Overview
This lecture covers market failures in competitive markets, focusing on public goods, externalities, the Tragedy of the Commons, and government interventions to address these issues.
Market Failures & Incentives
- Market failures occur when free markets do not allocate resources efficiently or fairly.
- Individual incentives can conflict with collective interests, leading to suboptimal outcomes.
- The free rider problem arises when individuals benefit without contributing, reducing the provision of essential services.
Public Goods
- Public goods have two key features: non-exclusion (cannot prevent non-payers from using) and non-rivalry (one person's use does not diminish others').
- Examples include national defense, fire protection, and public parks.
- Government often funds public goods through taxes as private markets may underprovide them.
Tragedy of the Commons
- The Tragedy of the Commons describes overuse and depletion of shared resources due to individual incentives.
- Examples: overfishing, deforestation, and depletion of animal populations.
- Environmental economics focuses on addressing these issues.
Externalities
- Externalities are costs or benefits affecting third parties outside a transaction.
- Negative externalities (e.g., pollution) harm others; positive externalities (e.g., education) benefit society.
- Markets often overlook externalities, resulting in overproduction or underproduction of certain goods.

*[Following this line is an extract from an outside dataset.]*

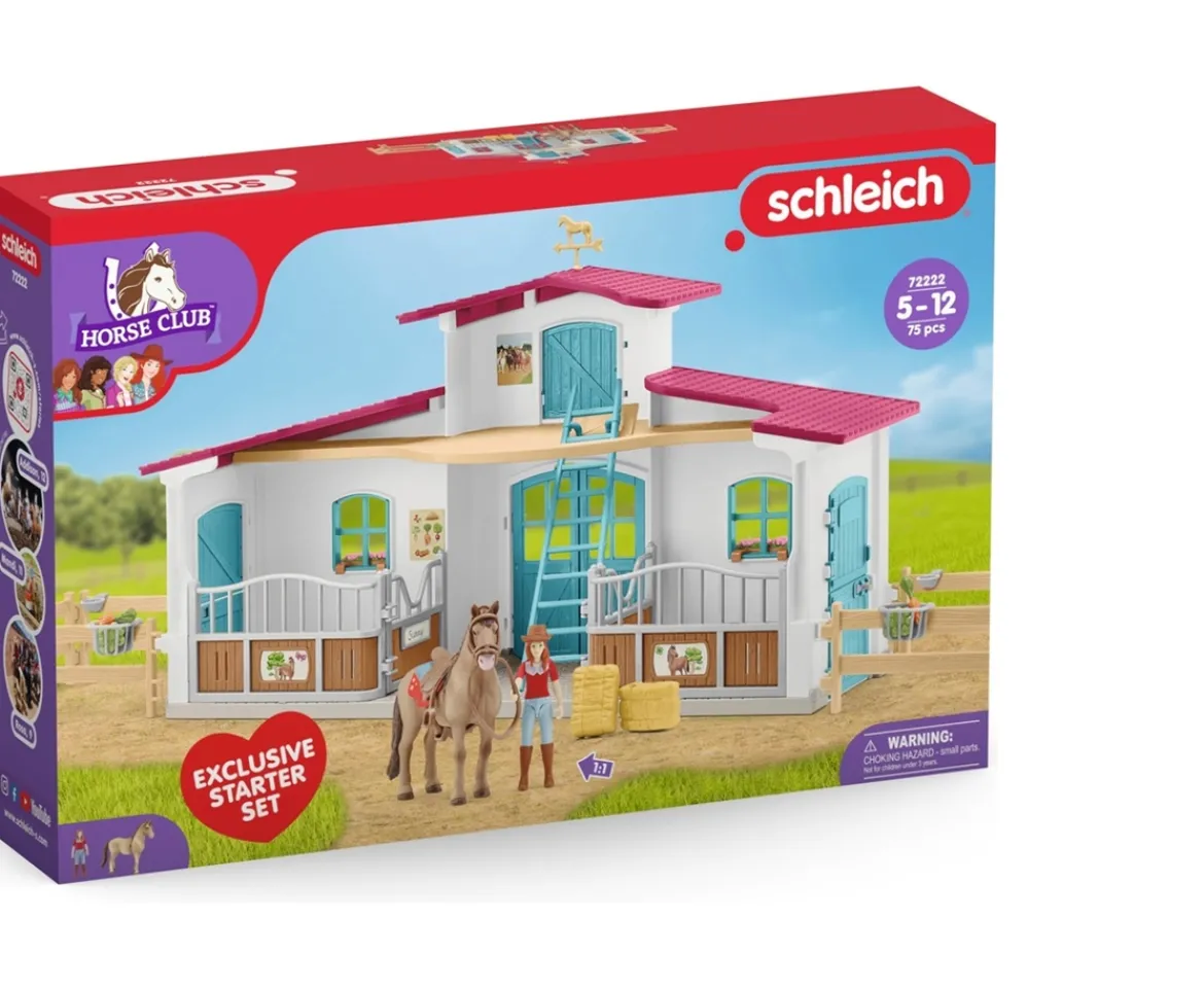 Immerse yourself in the world of horse riding with this schleich Horse Club 72222 Lakeside Riding Center Starter Set! The riding stable is not only a standalone play set, but can also easily be expanded with other horse club sets for limitless adventures (sold separately).2 floors full of fun!Explore the two floors of the riding stables, which are designed with great attention to detail. Each floor provides exciting surprises and opportunities for imaginative playtime. A secret ladder leads you directly to the hayloft, where additional space awaits for exciting adventures and hide-and-seek games.Home for your schleich horsesThe riding stable’s two horseboxes not only offer comfortable living space, but also small outdoor paddocks for fresh air and exercise. Your schleich horses will feel completely at home here.Great accessories includedAdditional accessories such as food, saddle blanket and straw bales make the playing experience even more realistic and lively. The schleich Horse Club 72222 Lakeside Riding Center Starter Set also includes a schleich horse and the adorable figure Hannah from the schleich Horse Club.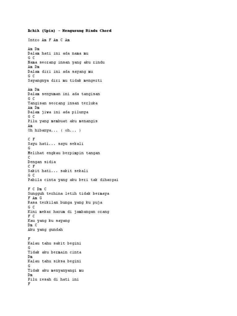 Intro gm eb gm bb gm gm cm dalam hati ini ada nama mu. Gm cm dalam diri ini ada sayang mu Tabs and sheet music search engine. Salah satunya adalah lagu " mengusung rindu " yang di bawakan oleh band spin dari malaysia lagu ini. Nama seorang insan yang aku rindu

Government Solutions: Regulation & Market-Based Policies
- Regulatory policies set rules or bans to limit negative externalities or promote positive ones (e.g., pollution limits, compulsory education).
- Market-based policies use taxes (to reduce negatives) or subsidies (to encourage positives) to influence behavior.
- Taxes on cigarettes and carbon emissions help internalize external costs.
Cap and Trade & Global Challenges
- Cap and trade systems limit total pollution by issuing permits that can be traded among companies.
- Successful examples include programs reducing acid rain in the US.
- Global issues like climate change require international cooperation, as countries have incentives to pollute for economic gain.
Key Terms & Definitions
- Market Failure — when free markets do not efficiently allocate resources.
- Free Rider Problem — individuals who benefit from resources without paying.
- Public Good — a good that is non-excludable and non-rivalrous.
- Tragedy of the Commons — overuse of shared resources due to individual incentives.
- Externality — a side effect of an action that impacts others (positive or negative).
- Regulatory Policy — government rules to directly control behaviors.
- Market-Based Policy — use of economic incentives to alter market outcomes.
- Cap and Trade — a system where pollution permits are allocated and can be traded.
Action Items / Next Steps
- Review definitions and examples of public goods, externalities, and the Tragedy of the Commons.
- Prepare for discussion on government intervention methods and effectiveness.
- (If assigned) Read additional materials on environmental economics and cap and trade systems.